The Bill now travels to the Rajya Sabha where it’s expected to be presented on April 21.
Once it gets the sanction of the Upper House, it will also be possible for groups of people or cooperatives to get together and set up their own power plants to supply to a specified area like a residential colony. So you need not be at the mercy of public sector power utilities and face unending power cuts in the long summers.
Captive power plants, earlier allowed to industries and factories, could now be taken up by groups of enterprising individuals.
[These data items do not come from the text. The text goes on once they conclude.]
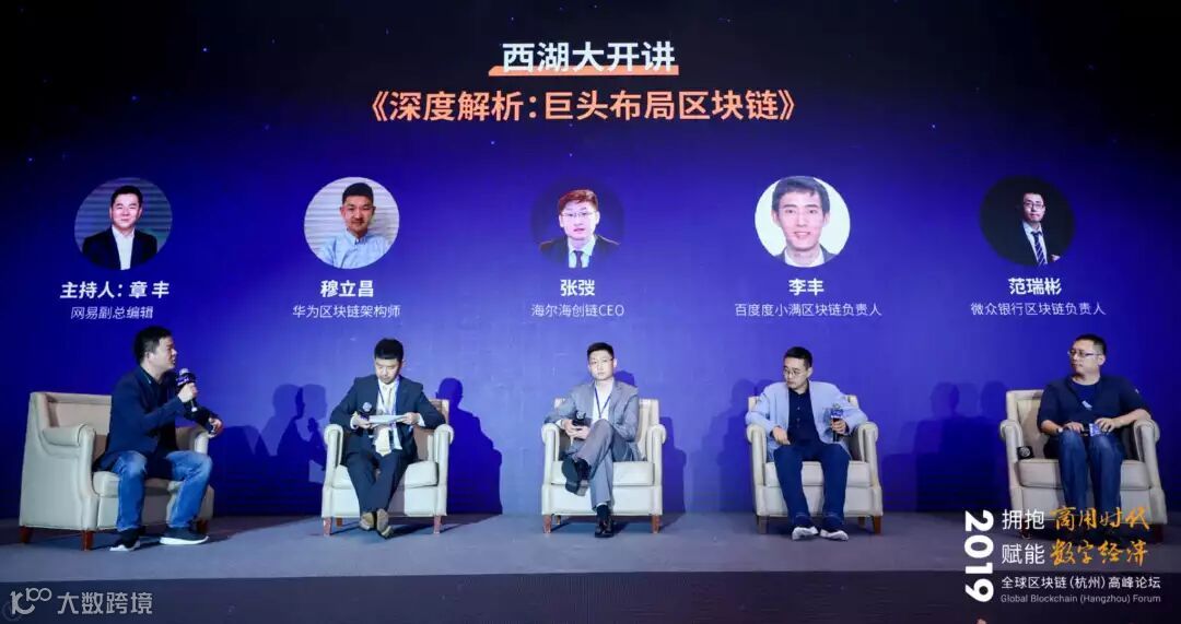 在以《深度解析:巨头布局区块链》为主题的圆桌讨论中,华为区块链架构师穆立昌、海尔海创链CEO张弢、百度度小满区块链负责人李丰、微众银行区块链负责人范瑞彬围绕巨头企业在区块链布局的优势与难点,责任与担当,定位与方向等话题展开了探讨。本场圆桌由网易副总编辑章丰担任主持人。
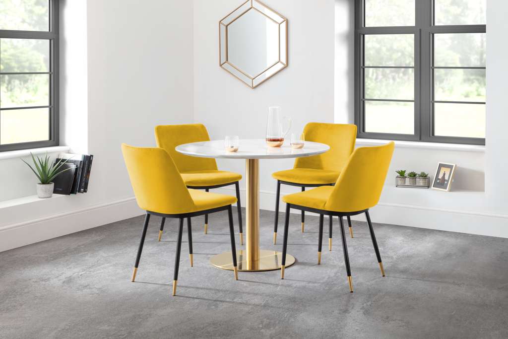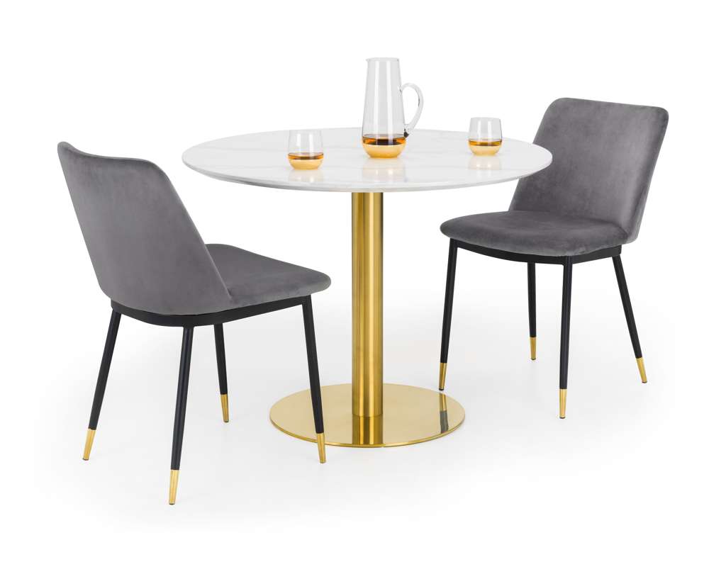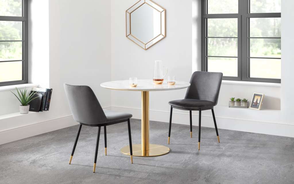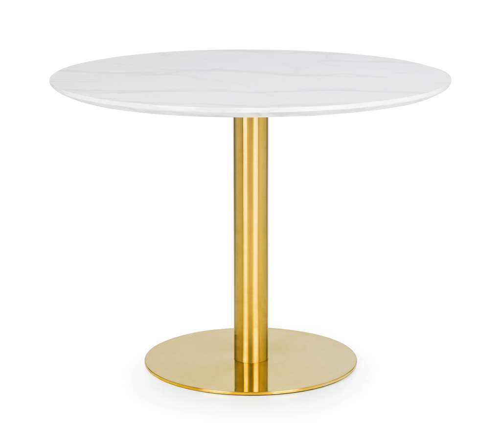 The Palermo round pedestal table is a contemporary, modern, and sleek piece which will complete your dining experience. With an easy-to-wipe, crisp marble top and sturdy gold base, it oozes sophistication whilst being functional and classic. Whether youâre having drinks with a friend, or a relaxed lunch with your loved ones, the Palermo is a beautiful addition to any home.
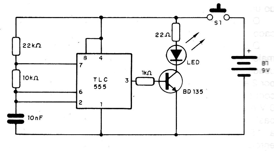 The purpose of this circuit is to 'produce a beam of infrared rays modulated at a frequency that depends on the components next to the 555 and which in the example, is of the order of a few kilohertz. This frequency can be increased up to 100 kHz by exchanging the 10 nF capacitor for a smaller one and the 10 k resistors for others whose minimum value is 1 k ohms. OLED must be of power, with a current of at least 80 mA and the circuit can be supplied with voltages from 3 to 9 V. For continuous operation, the transistor must be equipped with a heat radiator.
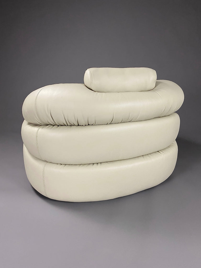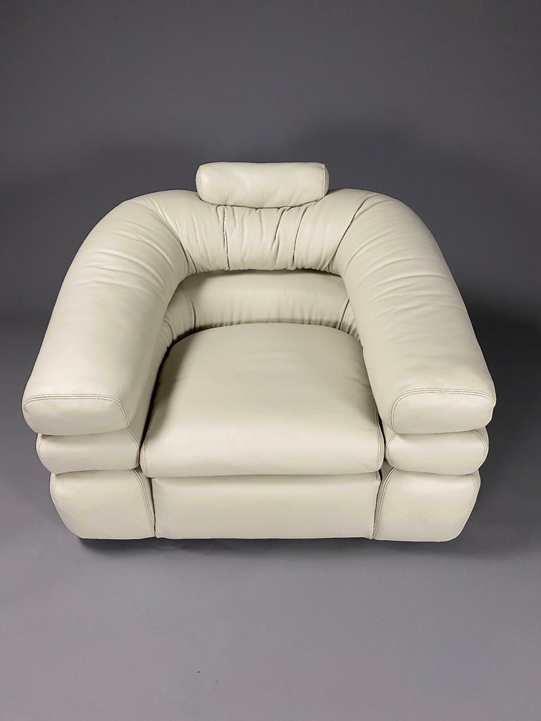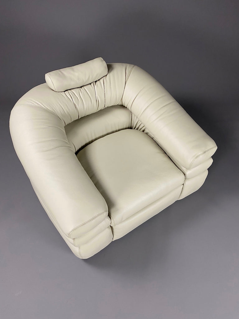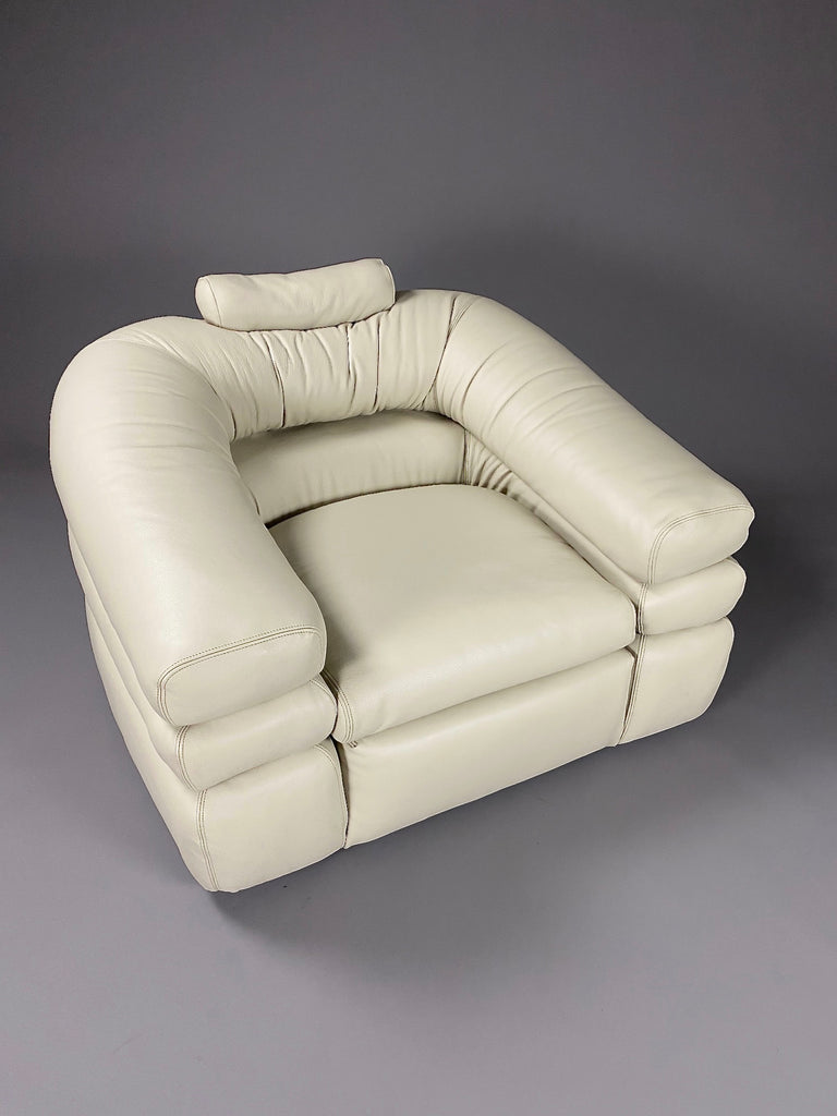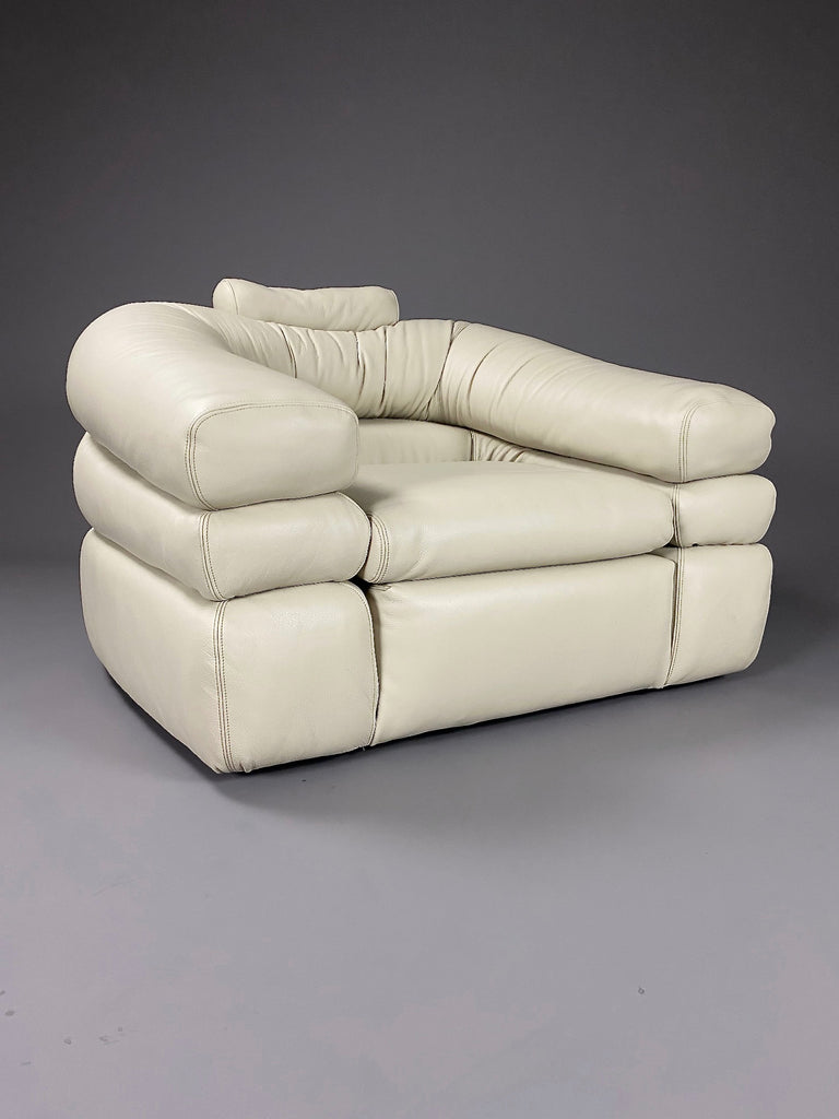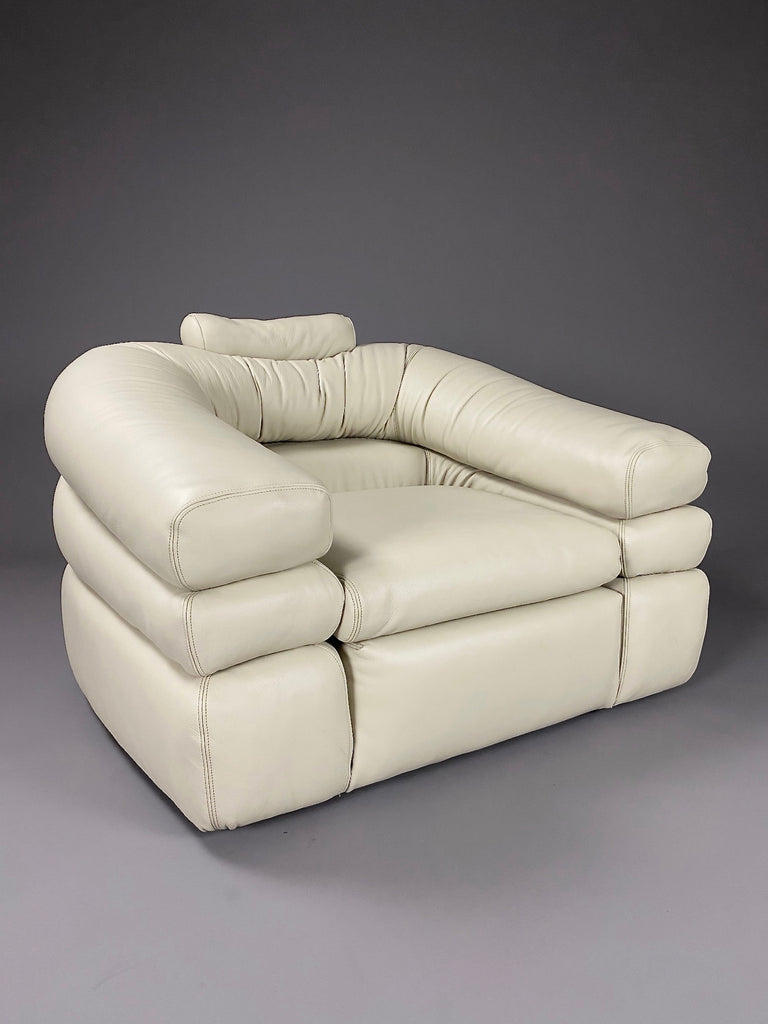 Ivory Leather Straccio Lounge Chair by Zanotta, Italy

The Bill not only tries to unshackle the sector of controls and promotes competition from the private sector but also protects consumer interest and promises to take power to all parts of the country. States will be required to set up special courts relating to electricity crimes for fast trials and conviction of power thieves.
The Bill pushes power reforms through three radical measures: competition in power distribution through an open access system; extension of the scope of captive power generation to cooperatives and associations; and, forcing state electricity boards (SEBs) to unbundle their three functions — power generation, transmission and distribution.
Most SEBs, in the worst of health, will now have to be broken up into separate companies for different functions like generation, transmission and distribution. SEBs will only continue with the concurrence of the Centre. But unless strictly administered, this could create political pressures and result in relaxation of what look like strict norms.
Power Minister Anant Geete has had the opportunity to get the Bill passed after two of his predecessors P R Kumaramangalam and Suresh Prabhu’s repeated attempts went waste.
Speaking to The Indian Express, Power Secretary R V Shahi said: ‘‘The Bill has had 90 recommendations by the standing committee on power. Sixty of these have already been incorporated in the amendments while the remaining 30 will be part of the policy announcements in the detailed guidelines as the Power Minister has assured Parliament.’’
The Bill will now also make it possible for a more rational power tariff system, ending all cross-subsidies — no more urban dwellers paying for politicians’ fancy of supplying free power to farmers in exchange for votes.
A National Power Policy and Tariff policy will soon be introduced, making it necessary for all states to set up regulatory commissions with scientific costing and pricing options for electricity.
Hopefully, this will bring in a new era in the power sector with private participation which has been the single largest failure ever since the economic reforms of the early 1990s.